Z-Wave routing uses singlecast w/ACK, routed singlecast w/ACK, and (in the case of route failures) explorer frames; each has an expected max timeout at the application level. In their Z-Wave routing tutorial, SiLabs shows typical application tranmission timeouts (for a 'large route diverse network') in the table below. Note that 25 second delays are possible and symptomatic of multiple retry attempts of a series of stored working routes. Tack on another few seconds for the explorer frame fallback and you get to the 30 second delays you're evidently experiencing.
The short video tutorials are worth watching to understand why the 25-30 second delays are possible.

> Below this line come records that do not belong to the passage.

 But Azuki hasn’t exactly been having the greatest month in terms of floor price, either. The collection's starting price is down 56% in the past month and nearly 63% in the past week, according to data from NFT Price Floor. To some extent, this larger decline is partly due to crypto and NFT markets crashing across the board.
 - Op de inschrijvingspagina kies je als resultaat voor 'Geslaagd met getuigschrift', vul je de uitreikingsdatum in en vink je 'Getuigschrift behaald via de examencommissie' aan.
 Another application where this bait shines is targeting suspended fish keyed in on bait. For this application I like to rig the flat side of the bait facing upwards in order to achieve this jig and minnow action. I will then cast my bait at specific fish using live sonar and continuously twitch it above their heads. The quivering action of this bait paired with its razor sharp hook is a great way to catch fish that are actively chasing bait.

Unfortunately knowing the 'why' doesn't lead to knowing 'how to fix'. Once you've followed the best practices you've got to rely on the protocol to do its job; a lot of stars have to align for things to work efficiently,
In a perfect Z-Wave world, the controller has an accurate inventory of all Z-Wave nodes and current knowledge their in-range neighbors. It must also update that inventory (via neighbor discovery/report at inclusion or repair) every time a node is included or excluded, if the nodes get moved, or the RF environment changes significantly. If calculated/distributed routes aren't 'correct', they'll be used, retried, and fail in succession leading to the explorer frame fallback and excessive response times.

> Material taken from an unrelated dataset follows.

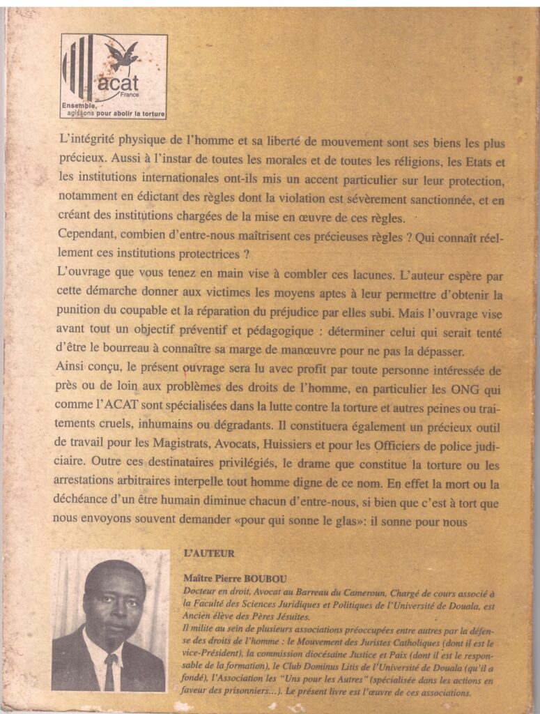 5) Vos Droits Face à la Torture et aux Arrestations Arbitraires. Editions Avenir Douala, Juin 1997, avec le concours de la FEDERATION INTERNATIONALE DE L’ ACTION DES CHRETIENS POUR L’ ABOLITION DE LA TORTURE (FI-ACAT).

The nodes themselves must accurately report their neighbors, have sufficient memory to store a table of last working routes (otherwise they'll need to be repeatedly re-discovered) and keep those tables up to date.
When listening to the tutorials (linked here: Z-Wave Mesh Performance
--videos 8 and 13 are the most informative) I got the impression that only devices based on newer SDK's (4.5 and 6.X) are capable of doing this; even so, as network size increases the expected retry timeouts make this scheme delay prone unless transmissions always are error free.

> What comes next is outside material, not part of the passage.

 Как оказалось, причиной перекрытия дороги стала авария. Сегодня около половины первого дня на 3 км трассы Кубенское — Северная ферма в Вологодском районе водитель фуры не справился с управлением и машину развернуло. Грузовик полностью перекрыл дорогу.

Throw the 700-series apparent teething problems into the mix and there's really not much an end user can do about it, other than subdivide a large mesh into a couple (or more) smaller ones-- that would effectively reduce the maximum expected timeouts by reducing hop count and route complexity. The fact that so many routes are showing 'direct' yet the response times you're seeing reflect routing failure/retry timeouts sure looks like there's a mismatch between the controller's view of the mesh and reality. Maybe that's at the root of the problems to be addressed by the expected firmware fixes.